The records below hold pictures; please leave those out and retype the rest exactly.

Source material START

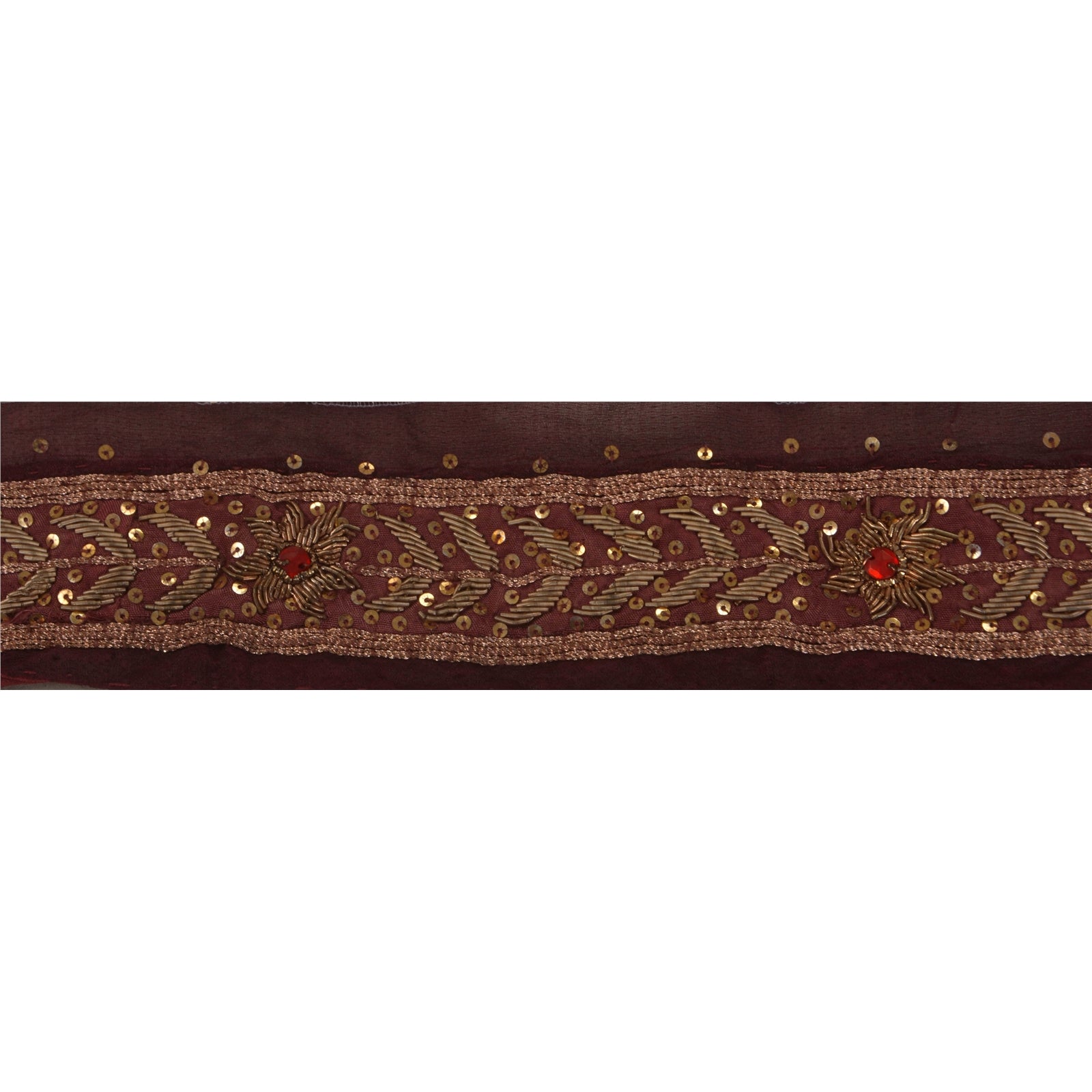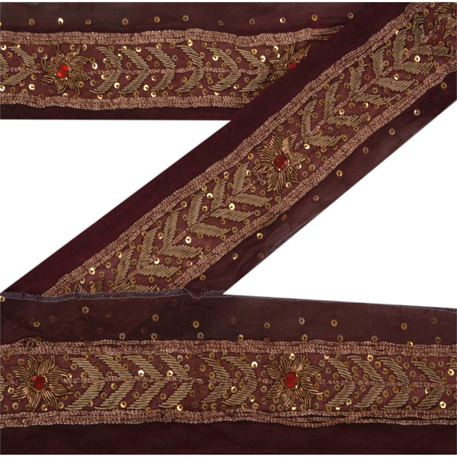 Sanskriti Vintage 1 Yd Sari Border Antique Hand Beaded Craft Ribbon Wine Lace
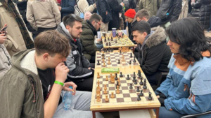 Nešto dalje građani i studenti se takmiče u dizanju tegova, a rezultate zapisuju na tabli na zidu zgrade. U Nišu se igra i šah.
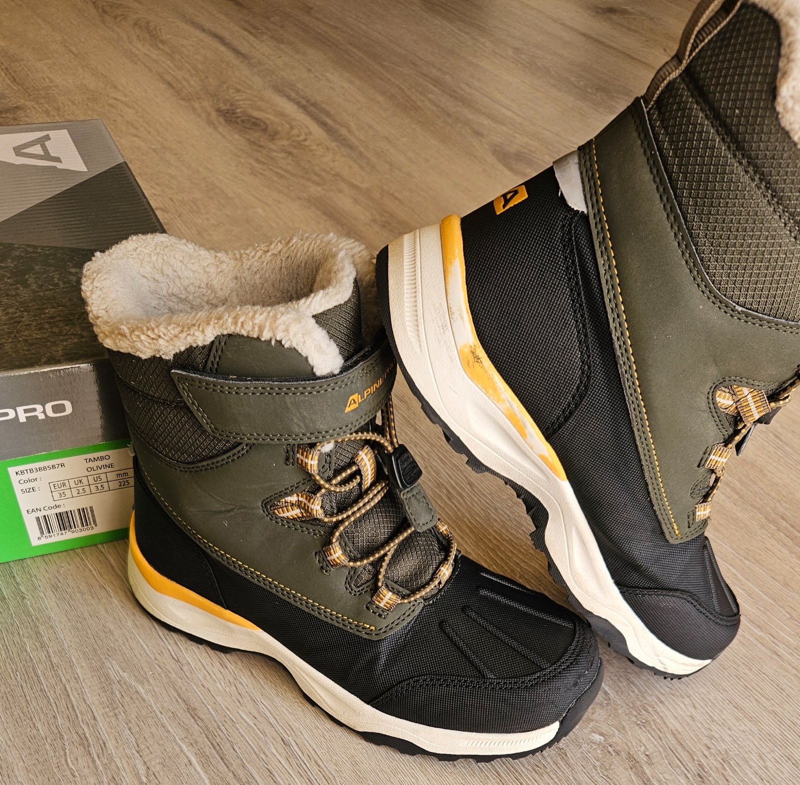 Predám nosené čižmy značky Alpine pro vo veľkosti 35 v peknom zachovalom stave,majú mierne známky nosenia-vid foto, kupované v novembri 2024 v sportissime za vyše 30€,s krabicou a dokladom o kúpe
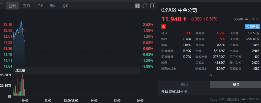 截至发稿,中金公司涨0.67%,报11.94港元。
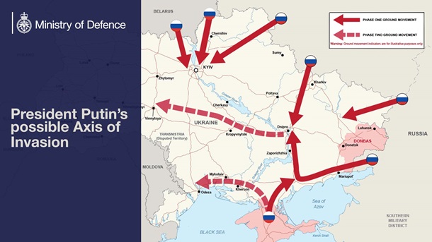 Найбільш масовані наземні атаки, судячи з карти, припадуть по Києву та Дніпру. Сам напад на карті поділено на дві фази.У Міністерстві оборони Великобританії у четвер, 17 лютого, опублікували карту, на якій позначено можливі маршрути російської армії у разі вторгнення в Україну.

Source material END

▸ Result of this exercise
 Sanskriti Vintage 1 Yd Sari Border Antique Hand Beaded Craft Ribbon Wine Lace
 Nešto dalje građani i studenti se takmiče u dizanju tegova, a rezultate zapisuju na tabli na zidu zgrade. U Nišu se igra i šah.
 Predám nosené čižmy značky Alpine pro vo veľkosti 35 v peknom zachovalom stave,majú mierne známky nosenia-vid foto, kupované v novembri 2024 v sportissime za vyše 30€,s krabicou a dokladom o kúpe
 截至发稿,中金公司涨0.67%,报11.94港元。
 Найбільш масовані наземні атаки, судячи з карти, припадуть по Києву та Дніпру. Сам напад на карті поділено на дві фази.У Міністерстві оборони Великобританії у четвер, 17 лютого, опублікували карту, на якій позначено можливі маршрути російської армії у разі вторгнення в Україну.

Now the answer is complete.